Material shown:
BEGIN

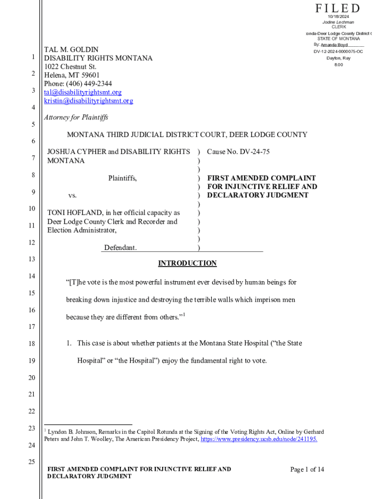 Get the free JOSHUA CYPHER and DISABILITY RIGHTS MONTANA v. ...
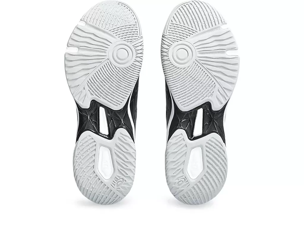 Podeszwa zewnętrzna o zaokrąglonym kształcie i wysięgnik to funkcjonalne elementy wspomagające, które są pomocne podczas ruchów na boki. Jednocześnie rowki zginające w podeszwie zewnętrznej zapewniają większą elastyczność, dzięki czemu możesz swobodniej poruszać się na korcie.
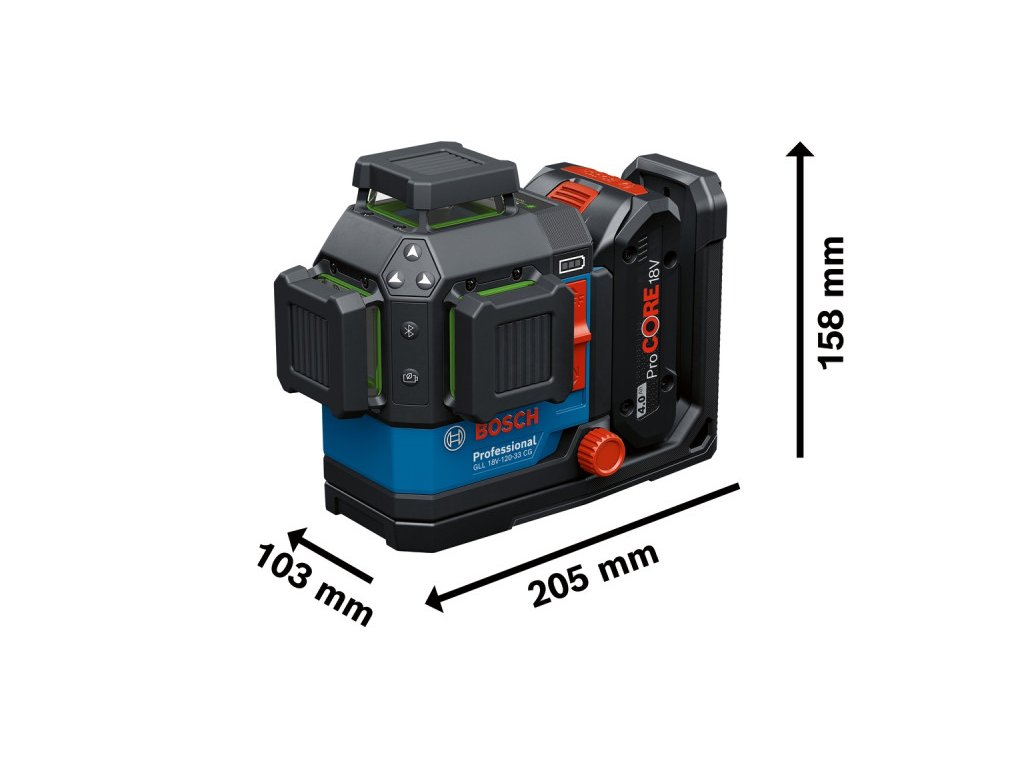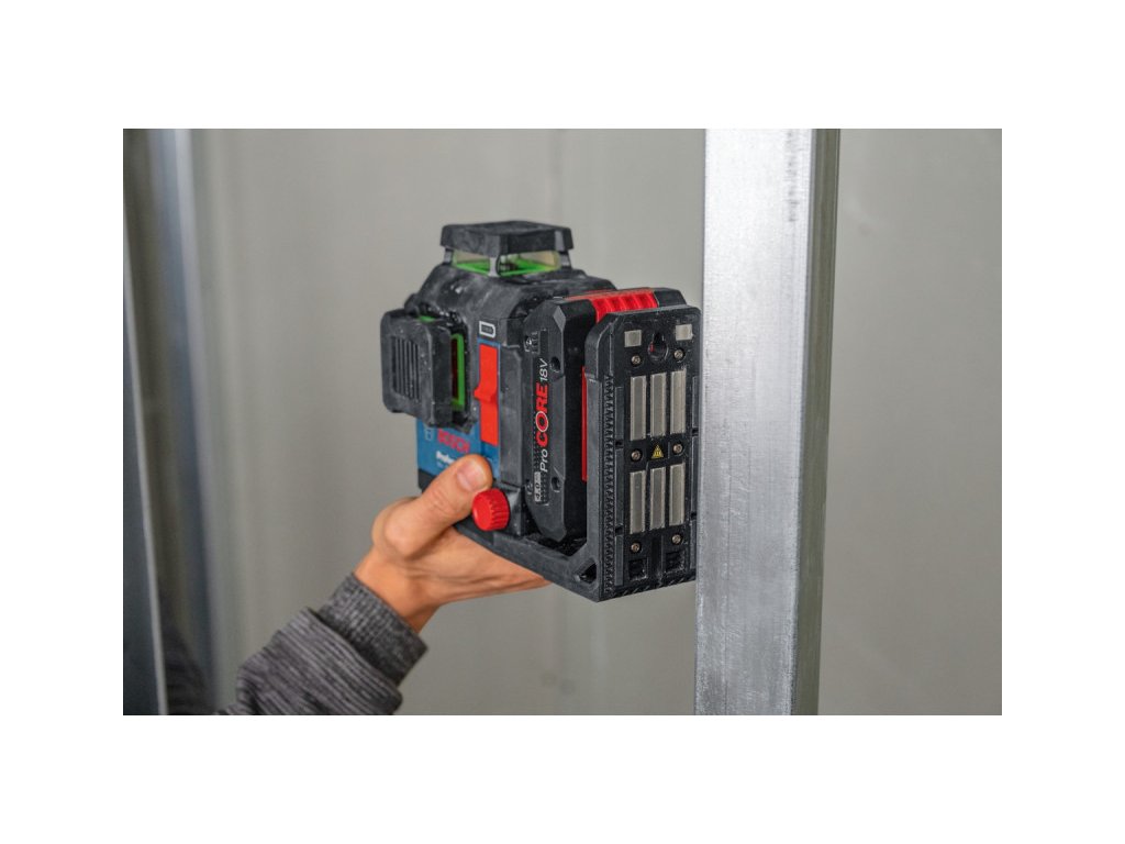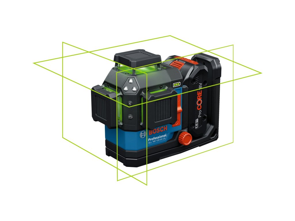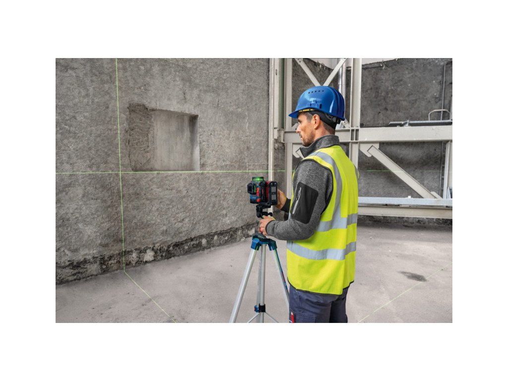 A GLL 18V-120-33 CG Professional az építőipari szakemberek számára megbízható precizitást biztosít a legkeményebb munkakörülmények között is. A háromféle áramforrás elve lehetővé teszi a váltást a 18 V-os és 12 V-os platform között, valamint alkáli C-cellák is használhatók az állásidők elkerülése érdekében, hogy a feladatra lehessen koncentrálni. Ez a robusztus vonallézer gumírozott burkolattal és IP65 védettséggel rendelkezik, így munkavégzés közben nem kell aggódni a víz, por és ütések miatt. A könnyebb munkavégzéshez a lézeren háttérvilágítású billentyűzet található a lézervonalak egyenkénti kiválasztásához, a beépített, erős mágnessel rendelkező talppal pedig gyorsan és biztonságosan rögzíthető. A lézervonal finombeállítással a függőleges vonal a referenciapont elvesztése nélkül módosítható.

END
BEGIN

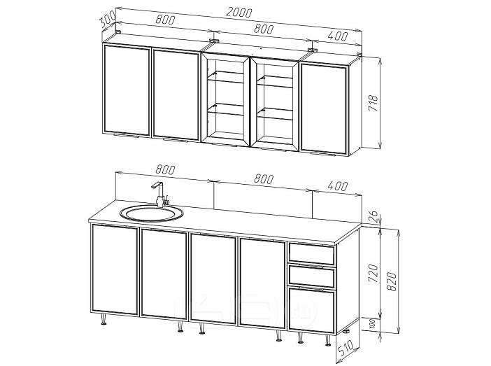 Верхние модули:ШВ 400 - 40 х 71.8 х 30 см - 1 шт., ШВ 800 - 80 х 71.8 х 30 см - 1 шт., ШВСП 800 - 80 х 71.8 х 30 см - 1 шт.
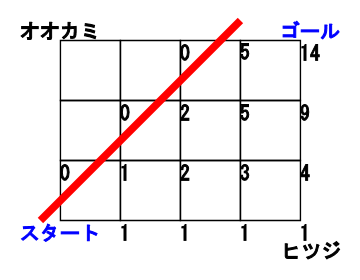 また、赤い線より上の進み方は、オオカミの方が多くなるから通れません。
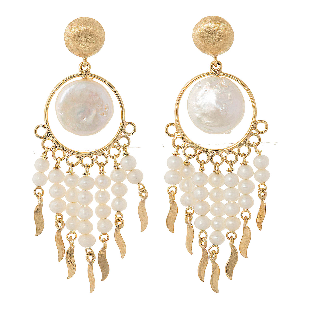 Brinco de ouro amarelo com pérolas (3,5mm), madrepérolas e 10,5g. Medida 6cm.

END

Your instructions: Word for word, restate the lines above from the one with "また、赤い線より上の進み方は、オオカミの方が多くなるから通れません。" through the one with "Brinco de ouro", keeping both ends and dropping the pictures.

Result below:
 また、赤い線より上の進み方は、オオカミの方が多くなるから通れません。
 Brinco de ouro amarelo com pérolas (3,5mm), madrepérolas e 10,5g. Medida 6cm.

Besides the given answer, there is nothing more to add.